WORK INSTRUCTION — Exactly as written, set down the lines from the top of the entries through the line bearing "Каркасный овальный бассейн", with every picture left out.

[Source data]
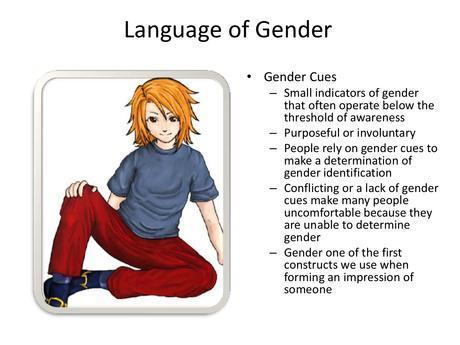 The slide below depicts the various factors that influence the gender cues we send to other people.
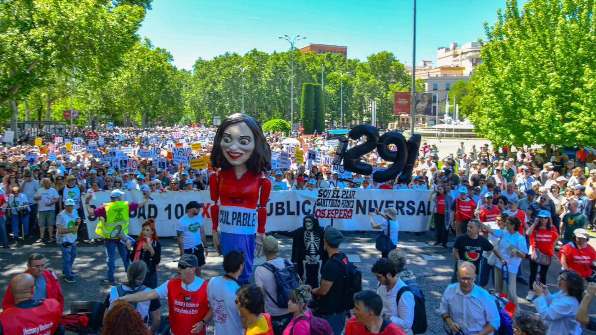 La manifestación, organizada bajo el lema ‘Salvemos nuestra Sanidad pública’, evidenció el creciente malestar ciudadano ante lo que consideran un proceso de privatización y desmantelamiento del sistema sanitario público madrileño.
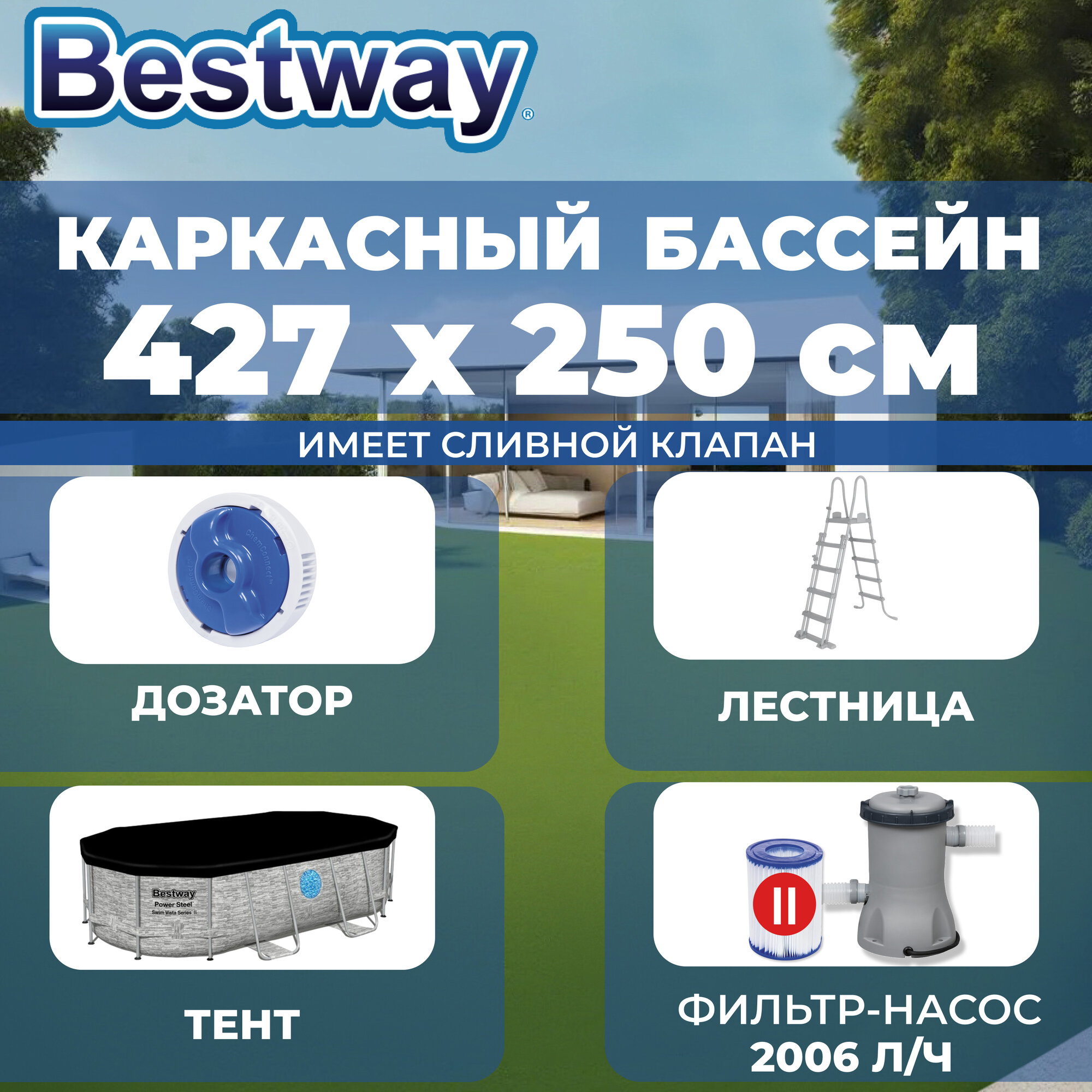Каркасный овальный бассейн Power Steel 427x250x100 см (+ 3 аксессуара, ротанг, окошко!), Bestway
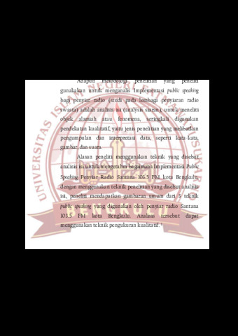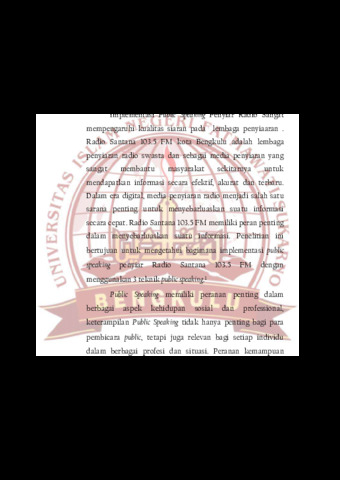 Rumusan masalah penelitian ini adalah: bagaimana implementasi public speaking penyiar radio Santana 103.5 FM kota Bengkulu dengan menggunakan 3 teknik public speaking. Penelitian ini menggunakan metode deskriptif kualitatif, dengan menggunakan teknik analisis isi (analisis isi siaran), informan dalam penelitian ini adalah penyiar radio Santana 103.5 FM kota Bengkulu. Hasil penelitian ini adalah bahwa penyiar radio Santana 103.5 FM kota Bengkulu telah mengimplementasikan 3 teknik public speaking penyiar diantaranya: a. Teknik 5W + 1
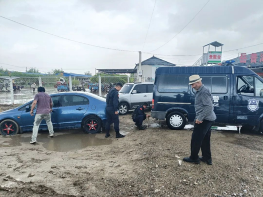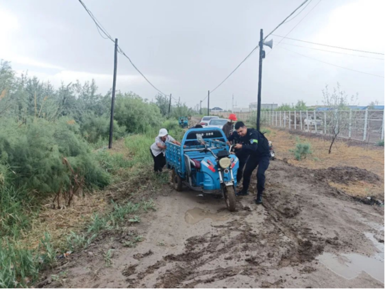7月13日,岳普湖县公安局特警大队在阿其克乡巡逻防控过程中,发现群众车辆不慎驶入路边泥坑,动弹不得,巡逻民辅警立即上前查看并了解情况。据了解,驾驶员因着急出行未注意前方泥坑,由于雨天路面湿滑,车子不慎打滑深陷泥坑,经驾驶员多次尝试仍无法将车辆移出。巡逻民辅警见状立即展开救助,将警车开到被困车辆的前方,用拖车绳连接被困车辆,让驾驶员在驾驶室掌握方向,并发动附近群众合力推车,齐心协力将车辆推出泥坑,脱困后,驾驶员们紧紧握住民辅警的手,一再表示感谢。
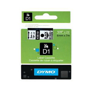 / DYMO D1 (SD43610/S0720770) Label Cassette, 6mm x 7m – Black on Clear

EXERCISE ANSWER —
 The slide below depicts the various factors that influence the gender cues we send to other people.
 La manifestación, organizada bajo el lema ‘Salvemos nuestra Sanidad pública’, evidenció el creciente malestar ciudadano ante lo que consideran un proceso de privatización y desmantelamiento del sistema sanitario público madrileño.
Каркасный овальный бассейн Power Steel 427x250x100 см (+ 3 аксессуара, ротанг, окошко!), Bestway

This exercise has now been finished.